Galled by such terrible insinuations, Lady Chelmer had dared to sound the girl.

"I love his letters," gushed Amber, bafflingly. "He writes such cute things."

"He doesn't dress very well," said Lady Chelmer, feebly fighting.

"Oh, of course, he doesn't bother as much as Tolly, who looks as if he had been poured into his clothes-"

"Yes, the mould of fashion," quoted Lady Chelmer, vaguely.

An eruption of Walter Bassett in the Press did not tend to allay her Ladyship's alarm, especially as Amber began to dally with the morning paper and the evening.

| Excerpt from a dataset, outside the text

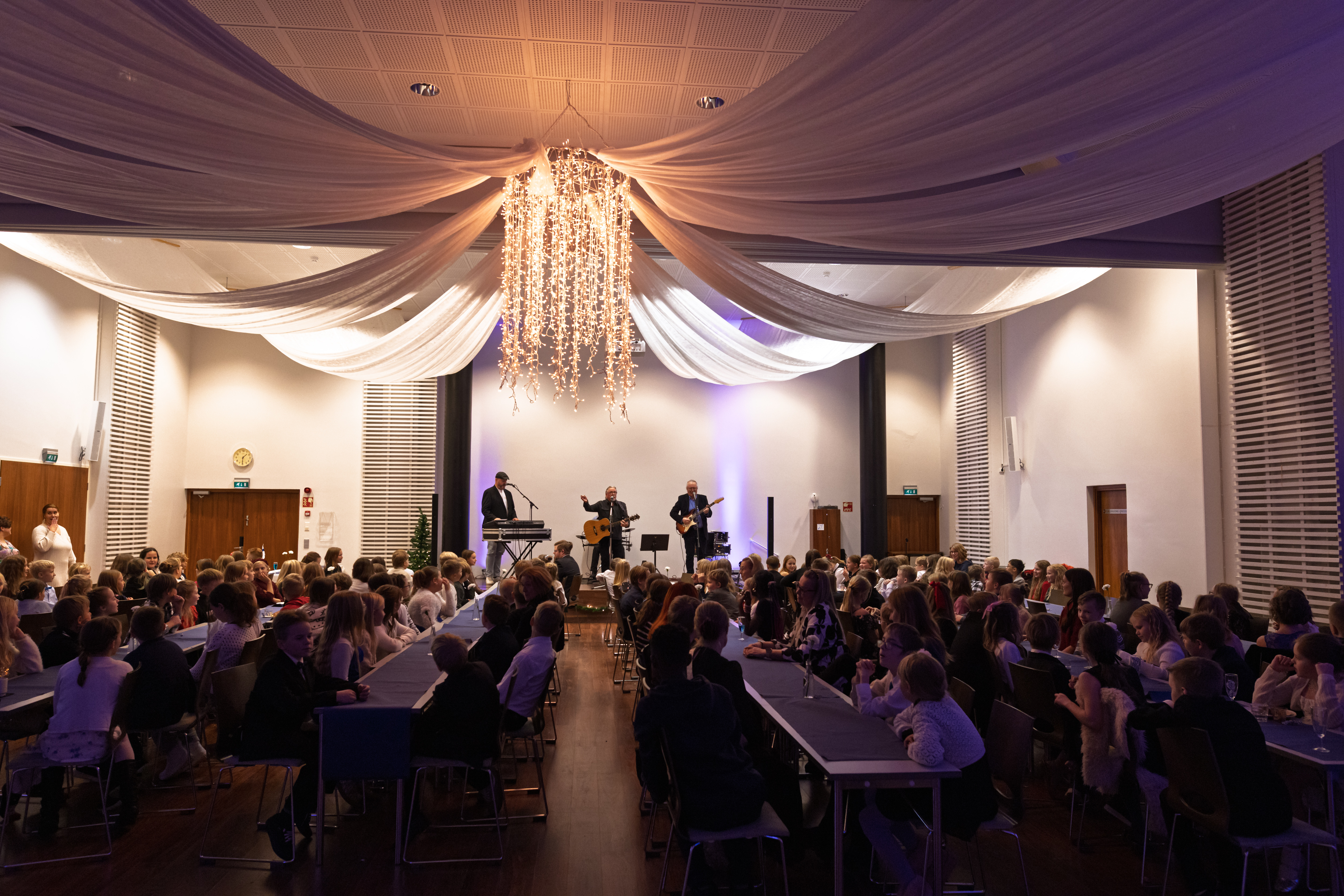 Nelosten itsenäisyyspäiväjuhlan ohjelmassa oli perinteiseen tapaan kaupunginjohtajan avaussanat sekä oppilaiden puhe, joka oli tänä vuonna Raution koulun oppilaiden käsialaa. Puheiden jälkeen saatiin nauttia Säilättärien Suksibaletti -esityksestä sekä coktailpaloista. Juhlan huipensi Koppisten esiintyminen.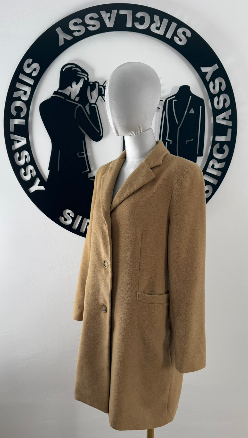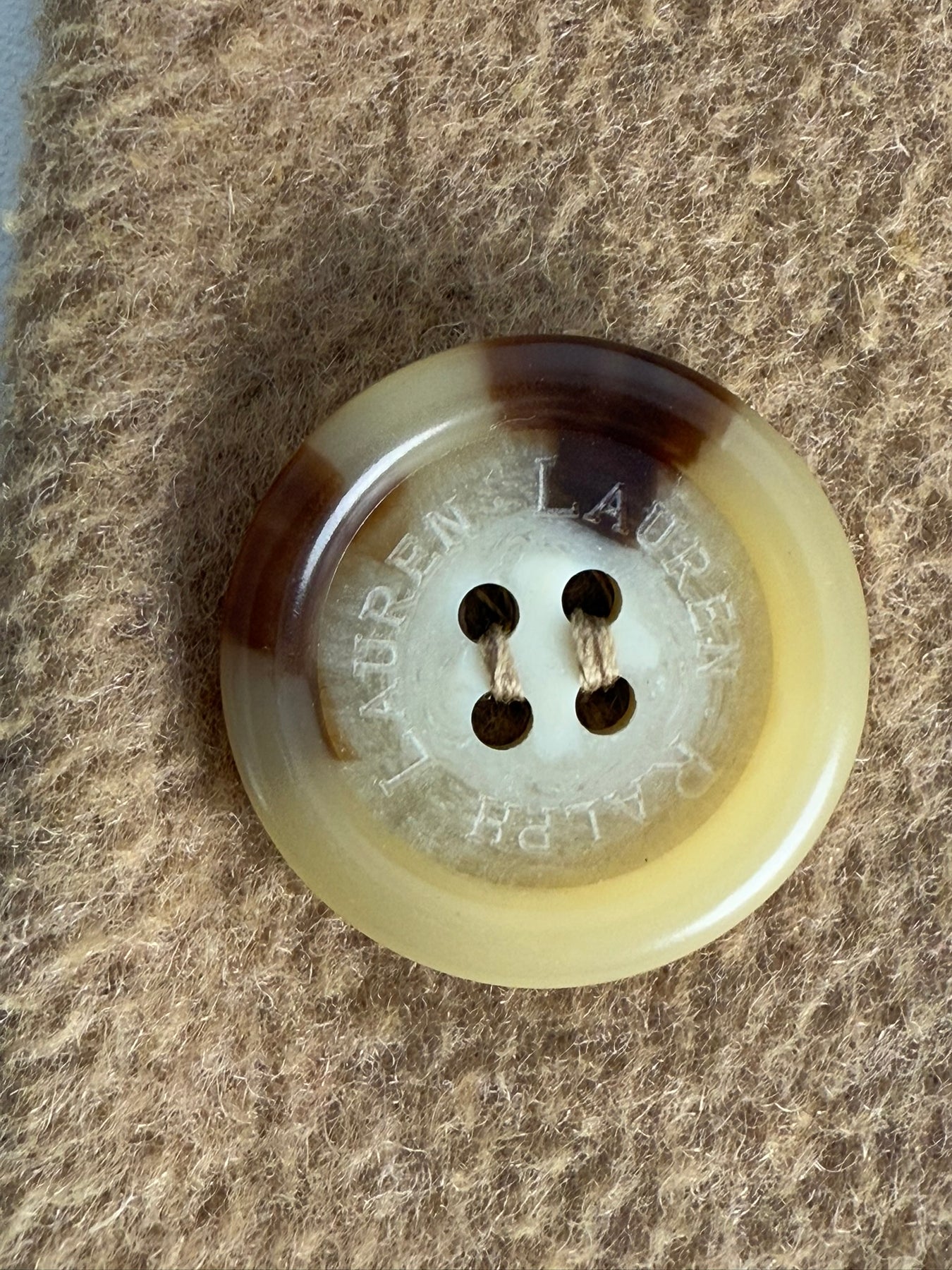 Abrigo de lana Ralph Lauren color beige talla 38 (M) en muy buen estado estado (prácticamente nuevo con solo reparado el forro interior). Gran calidad de lana, poliéster, viscosa y otras fibras, cuenta con todos los botones originales.

Opening a new People's Library at Highmead-in the absence abroad of the successful candidate-he had contrived to set the newspapers sneering. He had told the People that although they might temporarily accept such gifts as "Capital's conscience-money," yet it was as much the duty of the parish to supply light as to supply street-lamps; which was considered both ungracious and unsound. The donor he described as "a millionaire of means," which was considered wilfully paradoxical by those who did not know how great capitals are locked up in industries. But what worked up the Press most was his denunciation of modern journalism, in malodorous comparison with the literature this Library would bring the People. "The journalist," he said tersely, "is Satan's secretary." No shorter cut to notoriety could have been devised, for it was the "Silly Season," and Satan found plenty of mischief for his idle hands to do.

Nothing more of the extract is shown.